Дома внезапно оказалось, что его желание подготовиться к контрольной по алгебре было не таким уж сильным, как он думал. Во всяком случае, не сильнее желания поиграть в приставку — и вот ему-то Даня противиться совсем не мог. О том, что наступил вечер, он узнал лишь по тому, что замок во входной двери начал тяжело проворачиваться — это мама снова притащила два пакета с продуктами после работы. Даня пропустил эту мысль плыть дальше и снова погрузился в игру, даже не задумавшись о том, чтобы помочь. Вдруг зазвонил телефон и Даня, лениво проведя пальцем слева направо, ответил на звонок. Недолго думая, он поставил на громкую связь, и из телефона раздался голос Серёги:

— Алё, Дантес, погнали в футбик? Димон чёт отказался сегодня, уговаривать не хочу…

— Погнали, конечно. Сейчас подскочу.

— Кайф, жду!

Даня смахнул вызов и встал, выключая приставку. В дверном проёме показалась мама — у неё было хоть и уставшее, но очевидно растерянное выражение лица.

— Ты идёшь… на футбол? — она нахмурилась.

Даня прошёл мимо, и, обувая кроссовки, бросил:

— Ты же слышала, зачем переспрашиваешь?

Мама растерялась ещё сильнее и быстро-быстро заморгала, будто пытаясь убедиться, что перед ней действительно её сын.

— Но ты же ненавидишь футбол, разве нет?

Даня закатил глаза и, ничего не ответив, выскочил из квартиры. Мама лишь успела прокричать:

— Домой к девяти, ни минутой позже!

Даня, бегом спускаясь по лестнице, пробормотал:

— Что ты мне сделаешь, домой не пустишь?

Вернулся он без пяти минут полночь, насквозь провонявший костром, сигаретами и спиртом. Прошёл в комнату, не разуваясь, и, рухнув на кровать, мгновенно отключился, даже не заметив, что на кухне, несмотря на позднее время, горел свет. Там плакала мама.

Утром она разбудила его чуть позже обычного и даже не пожелала доброго утра — сразу же вышла из комнаты, громко хлопнув дверью. Даня поморщился: голова и без того раскалывалась. Он и сам не понял, как вчерашний футбол превратился в шашлыки, а Серёга и несколько ребят, с которыми они играли в футбол, — в одиннадцатиклассников, доставших несколько литров какого-то фруктового алкоголя, на вкус похожего скорее на кислоту, чем на “клубнику и виноград”, и пару пачек сигарет. Даня уже пробовал курить, но вчера всё было по-другому. Может, дело в компании, а может, в том, что именно в этот день Даня чувствовал, что он уже взрослый и действительно может себе это позволить. Он разрешил себе делать всё, что ему только захочется, и ему это понравилось.
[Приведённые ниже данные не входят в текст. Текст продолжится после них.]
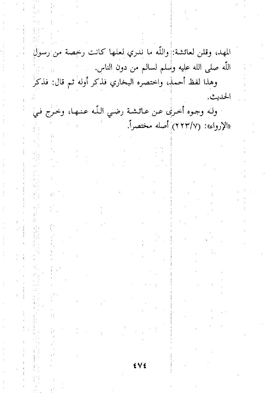 المهد، وقلن لعائشة: والله ما ندري لعلها كانت رخصة من رسول الله صلى الله عليه وسلم لسالم من دون الناس.
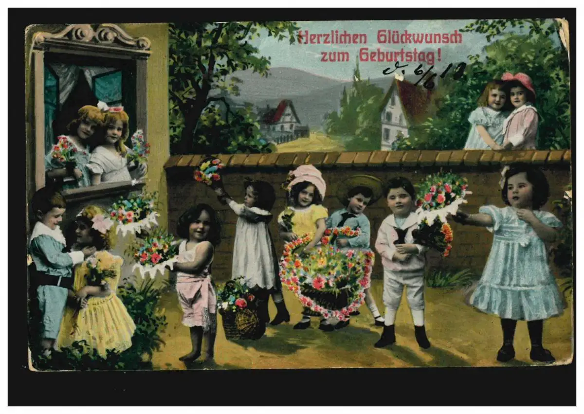 AK Félicitations pour les enfants apporter des fleurs d'anniversaire, FUTURE 6.6.1913

Не понравилось маме. Но не настолько, чтобы она рассказала о вчерашнем отцу, а это уже плюс. Учительнице алгебры тоже не понравилось: через несколько минут после начала контрольной Даня, не совладав с внезапно подкатившим к горлу комом, выбежал в туалет и провел там добрые полчаса — а потом был вынужден сдать пустой лист. Учительница, которая сначала заботливо предлагала ему спуститься к школьной медсестре, отшатнулась, когда Даня сказал, что ему это не поможет.

— Действительно, не поможет, — лишь сказала она, отвернувшись и поставив размашистую двойку на листке с его фамилией.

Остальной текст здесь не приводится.